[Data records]
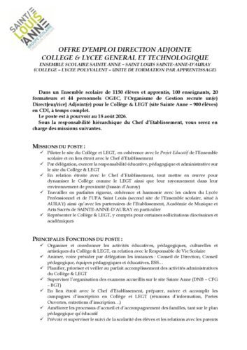 APPEL A CANDIDATURES DIRECTION ADJOINTE COLLEGE & LEGT – ENSEMBLE SCOLAIRE SAINTE ANNE – SAINT LOUIS SAA 290126 Oliva Rakotomalala2026-01-30T15:05:22+01:0030/01/2026|
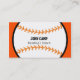 Carte de visite sportive de coach noir et orange de baseball. Personnalisez avec n'importe quel texte.
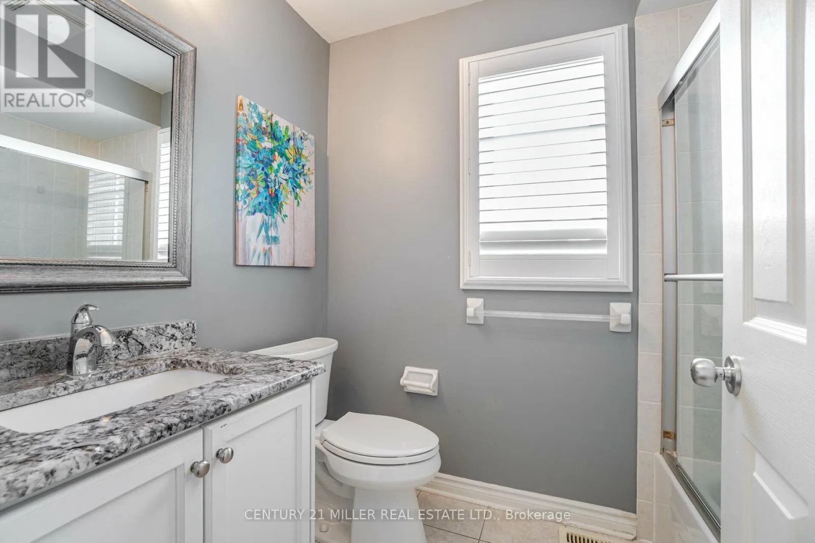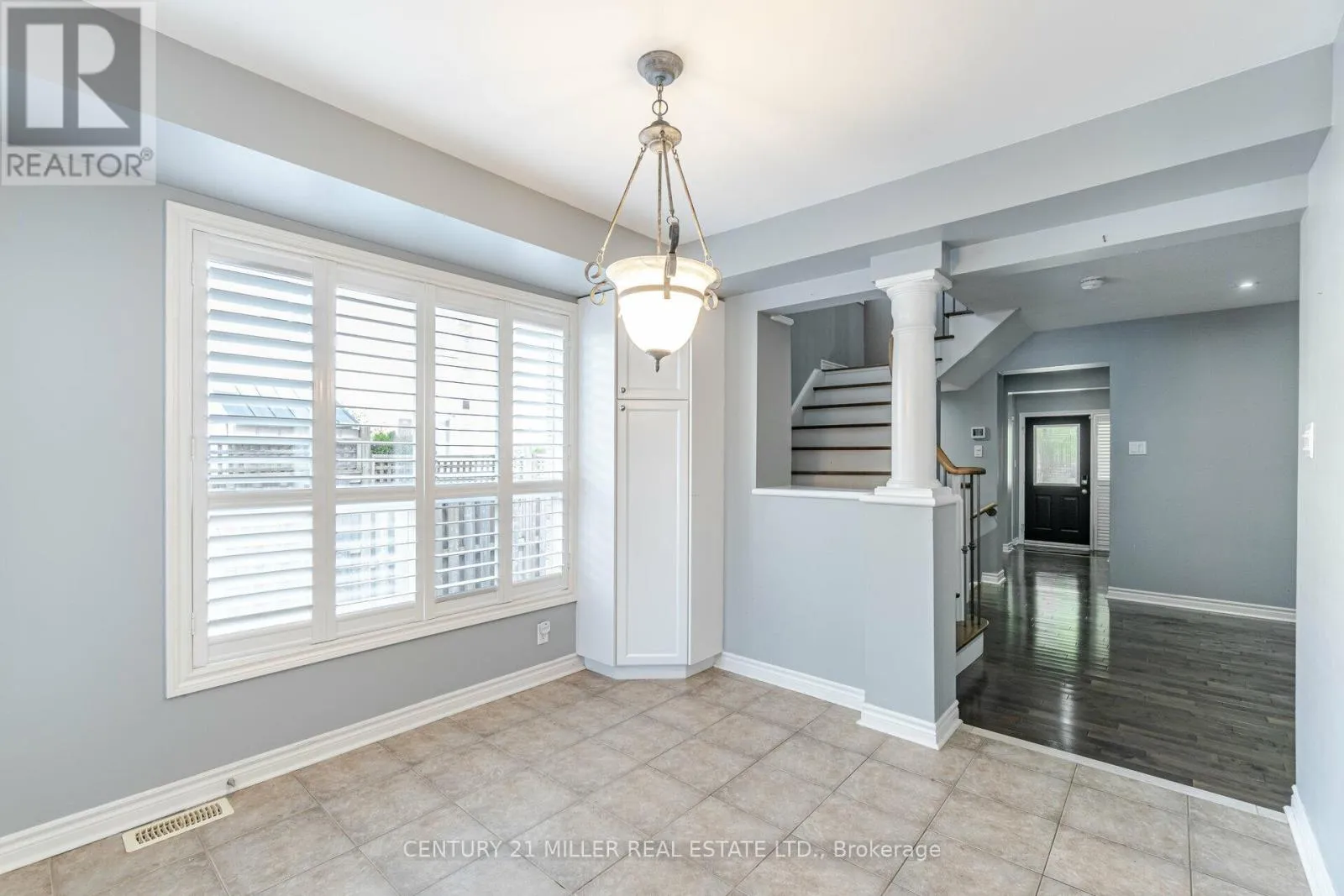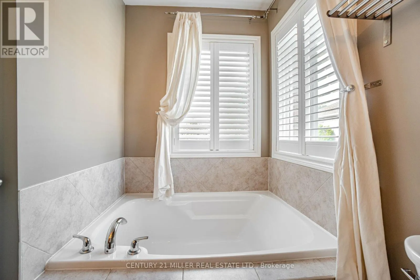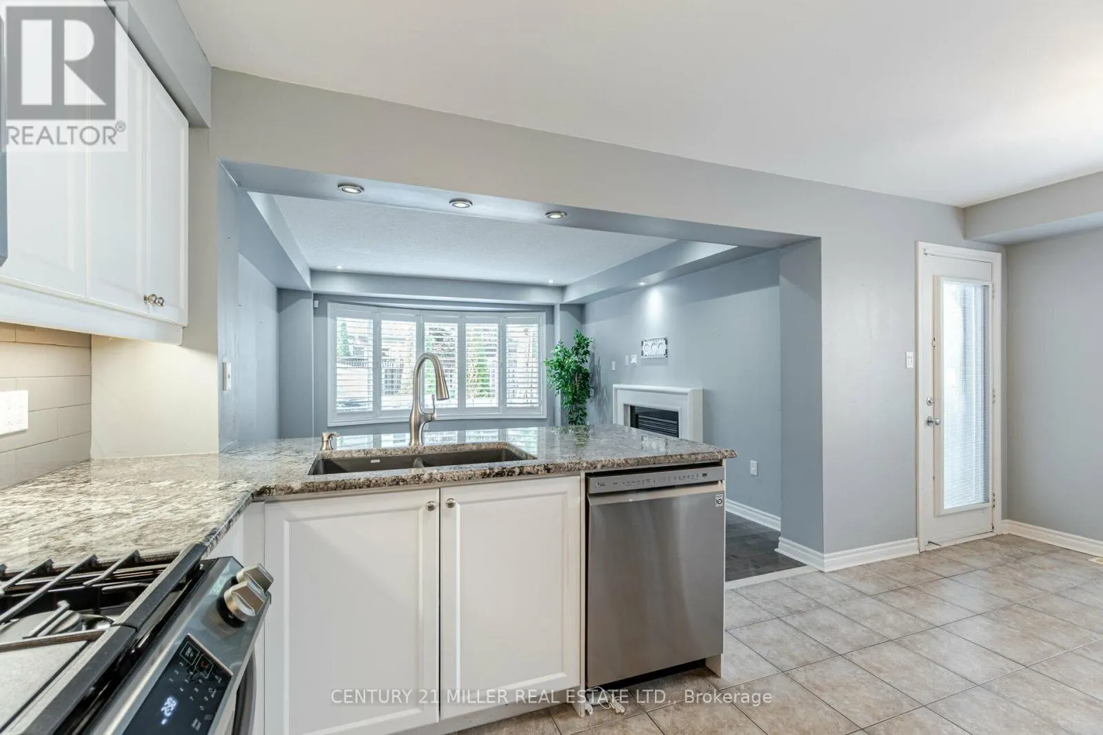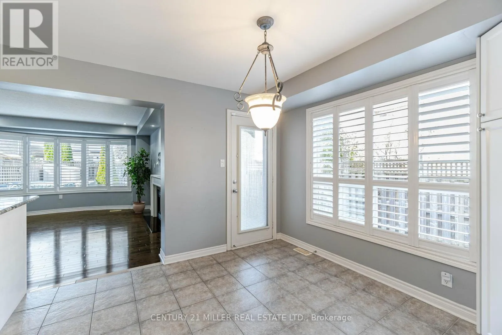 Boros Rd./Taywood Dr. Beautiful End Unit 3 Bed, 4 Bath Freehold Townhome in Prestigious Millcroft. Hardwood flooring and California shutters throughout. Separate dining room. Spacious eat-in kitchen features granite countertops, ample cabinetry, pot lights, under-mount lighting, ceramic tile flooring, and garden door walk-out to backyard. Bright open-concept living area with maple hardwood floors, gas fireplace, and bow window overlooking the backyard. Upper level offers hardwood flooring and iron picket staircase. Large primary bedroom with walk-in closet, second closet, and 4-pc ensuite with granite counter, separate shower, and soaker tub. Generous second and third bedrooms with neutral carpet and double closets. Second 4-pc bath with granite counter and tub/shower combo. Open loft/office space with skylight. Finished lower-level media room with neutral ceramic tile flooring.Close To Shopping, Parks, Highways And Fantastic Schools (id:27476)
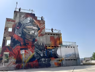 Mural de Shfir en el Parque de Bomberos de Alcalá de Henares - COMUNIDAD DE MADRID
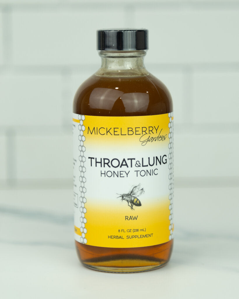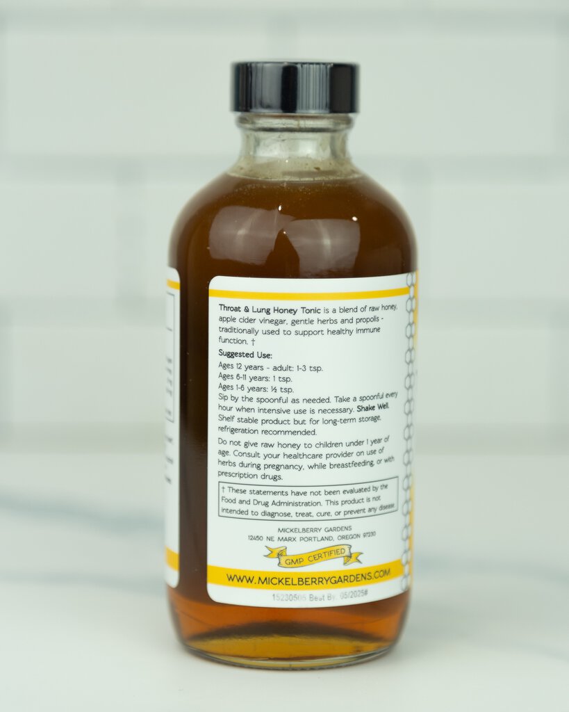 Glass bottle. Our honey tonics are designed to take by the spoonful or as needed. They're also delicious added to warm water, tea, or sparkling water. Mickelberry Gardens throat and lung honey tonic is a raw oxymel – made with local raw honey and raw apple cider vinegar. We source ingredients fresh, directly from pacific northwest growers and producers. We make all our products with strict attention to quality. Our facility is certified gmp-compliant, and is free of all major allergens, including gluten.
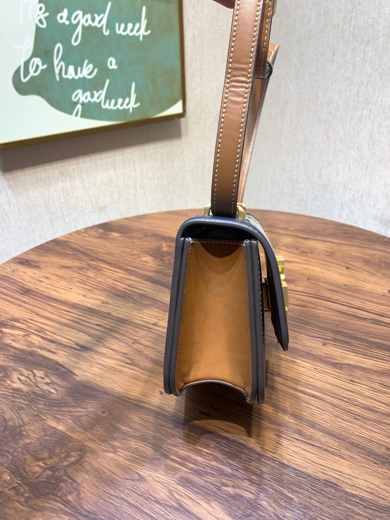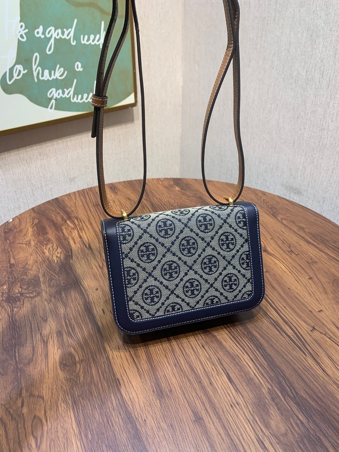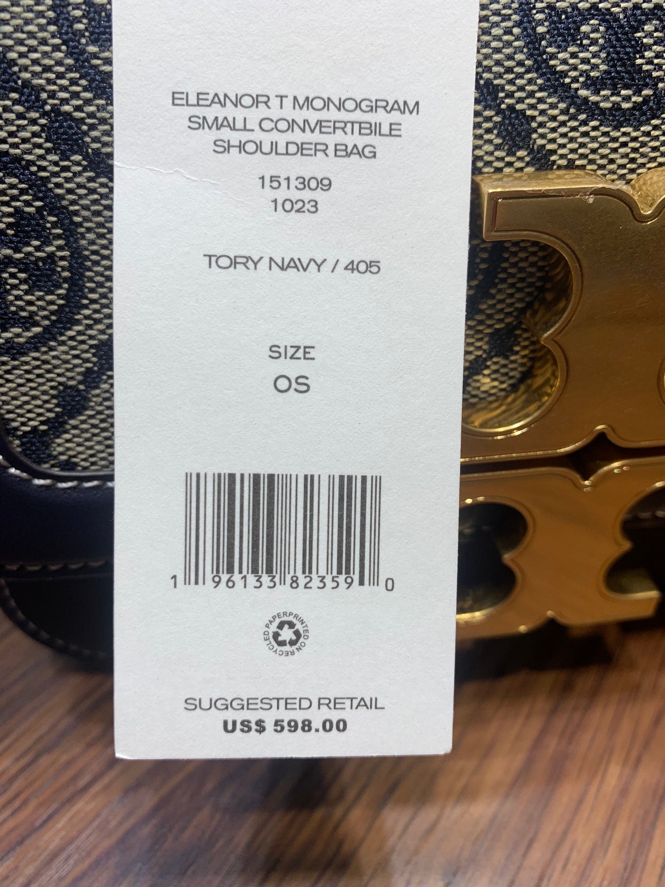 Elevate your style with the Tory Burch Eleanor T Monogram Small Shoulder Bag, crafted from luxurious jacquard and nappa leather, complemented by leather trim. This sophisticated accessory features a magnetic flip cover for easy access and an adjustable leather crossbody strap, allowing for a comfortable fit with a vertical carry height of 54 cm.

### What the exercise asks
Output, exactly and with no pictures, every line from the one that contains "Mural de Shfir" through the final line of the entries.

### Solved problem
 Mural de Shfir en el Parque de Bomberos de Alcalá de Henares - COMUNIDAD DE MADRID
 Glass bottle. Our honey tonics are designed to take by the spoonful or as needed. They're also delicious added to warm water, tea, or sparkling water. Mickelberry Gardens throat and lung honey tonic is a raw oxymel – made with local raw honey and raw apple cider vinegar. We source ingredients fresh, directly from pacific northwest growers and producers. We make all our products with strict attention to quality. Our facility is certified gmp-compliant, and is free of all major allergens, including gluten.
 Elevate your style with the Tory Burch Eleanor T Monogram Small Shoulder Bag, crafted from luxurious jacquard and nappa leather, complemented by leather trim. This sophisticated accessory features a magnetic flip cover for easy access and an adjustable leather crossbody strap, allowing for a comfortable fit with a vertical carry height of 54 cm.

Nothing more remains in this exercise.